Artist goes to bat for hangers-on
Archibald Prize finalist and Aboriginal artist Blak Douglas is championing the Sydney fruit bat in a new exhibition by four contemporary Australian artists showcasing Australia’s native species and other animals.
‘Something Else is Alive: Sydney and the Animal Instinct’ will be on show until February 22 at Customs House.
Blak Douglas, or Adam Hill, has titled his work ‘Hung out to Fry’. It captures the beauty of the Sydney fruit bat, a male totem of the Boorooberongal males in Western Sydney.
“Several years ago, I learned of the major importance of this supreme mammal to not only the ecosystem but to the Aboriginal Nations of the Sydney basin,” Douglas said.
“Also, I MC’d a protest concert held in Hyde Park regarding the State Government’s plans to eradicate the totems from the Botanic Gardens.
“They were then viewed as pests of plague proportions and were to be blasted with industrial noise through loud speakers.
“Of course the biggest killer in the urban centres are power lines.

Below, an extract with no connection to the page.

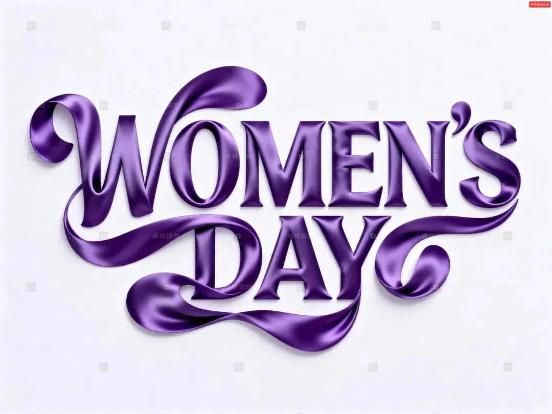 字体标志“WOMEN`S DAY”,文字由柔滑丝绸材质组成,高级紫,创意字体设计,线条流畅且富有艺术感,笔划饱满流畅,立体光影,将字体进行抽象变形,创造出独特的节奏和动感,给人以超级强烈的视觉冲击,叹为观止,大师获奖作品,高级干净背景,
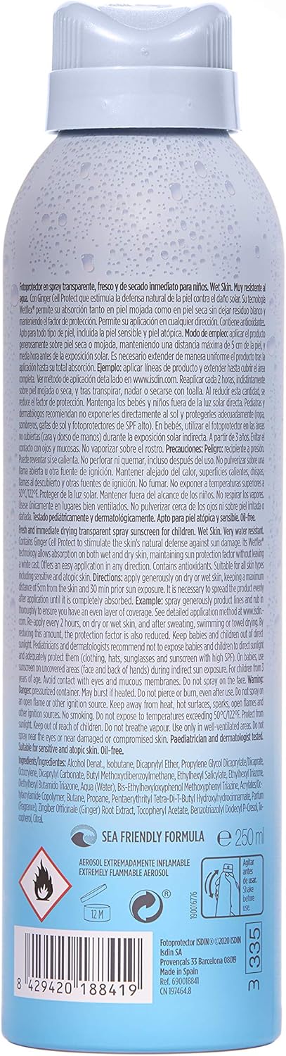 اسپری ضدآفتاب کودکان ایزدین Transparent دارای محافظت بالا در برابر اشعه های UVB و UVA است و به سرعت خشک می شود. حاوی عصاره گل توت است که سد پوستی را آرام و تقویت می کند. تکنولوژی Wet Skin امکان جذب آن را بر روی پوست مرطوب و خشک بدون باقی ماندن اثر سفیدی و حفظ فاکتور محافظتی فراهم می کند. این فرمول با ویتامین E و دکسپانتنول از پوست در برابر موانع بیولوژیکی محافظت می کند. مناسب برای انواع پوست از جمله پوست آتوپیک است و در برابر آب مقاومت دارد.

Frequently the creatures zap themselves whilst clawing for the second power line and immediately fry themselves in a puff of smoke as upwards of 69,000 volts pass through their small bodies.”

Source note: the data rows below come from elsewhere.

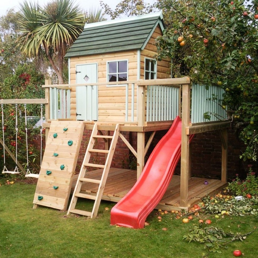 Дети без ума от домиков, сооруженных на ветках деревьев. Если такой прямой возможности нет, то можно его просто поднять на определенную высоту. Кстати, в таком варианте исполнения домик может защитить поленцу дров.
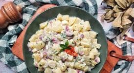 4 batatas inglesa, 100 gramas de palmito picado, 30 gramas de azeitonas picadas, 1 cebola roxa picada, 4 colheres de sopa de maionese, Salsinha a gosto, Sal a gosto
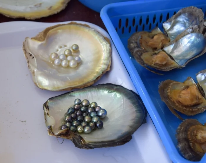 Senere legger båten til ved en lokal perlefarm, hvor du får et innblikk i tradisjonell perledyrking.

Douglas said he was walking in Redfern in January when he came across a fruit bat that had been zapped during the night.
“He’s fallen cleanly to the road below and remained in a peaceful sleeping position on his back,” he said.

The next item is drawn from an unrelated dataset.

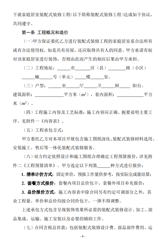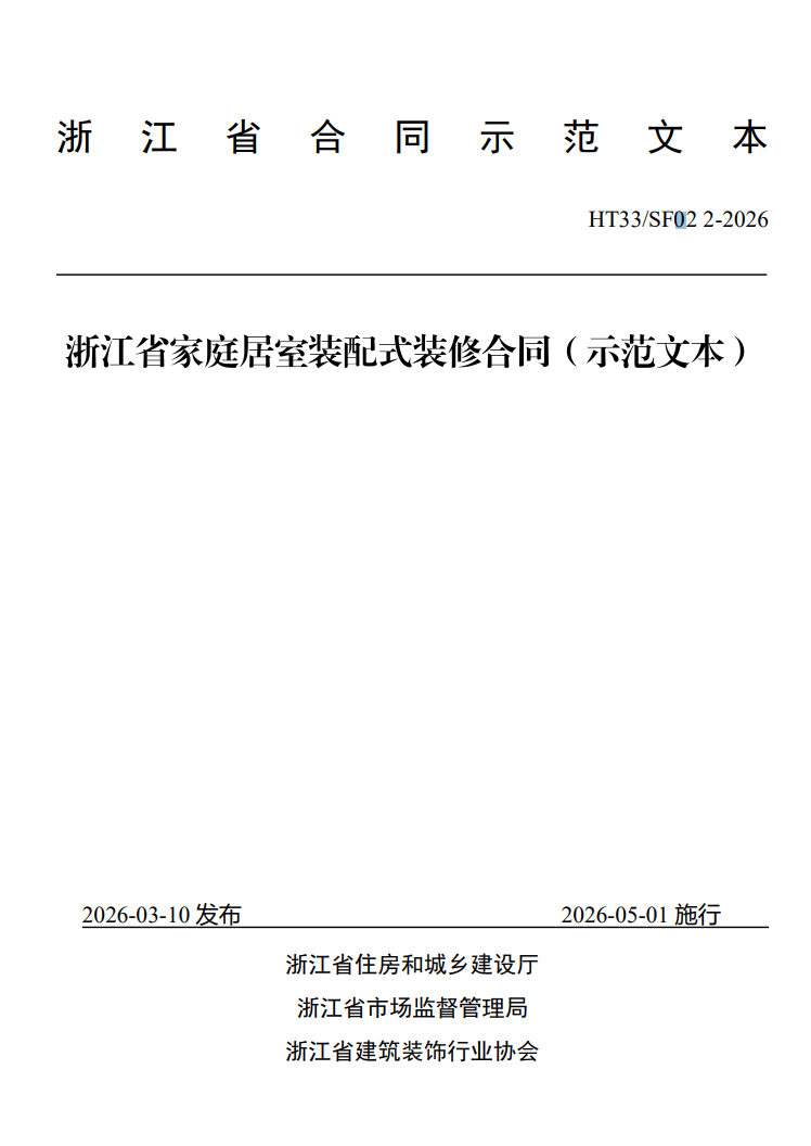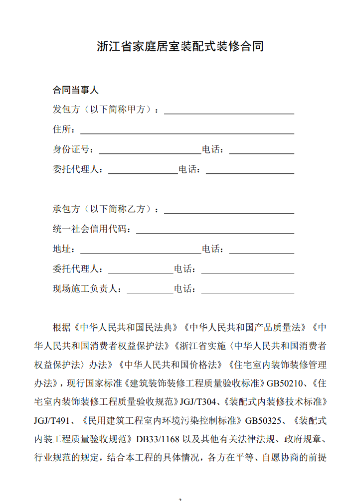 • 浙江省家庭居室装配式装修合同(示范文本)

“I immediately envisioned this opportunity. To cast him and immortalise him in bronze, as the government does with famed Colonials. So I collected him in a fruit box and promptly placed him in the freezer.
“I then tracked down one of Sydney’s leading mould-makers to assist me in the incredibly delicate process of moulding the torso. After some weeks and much trial and error and abhorrent odours, we arrived at the mould worthy of pursuing the first suite of moulded resin pieces.”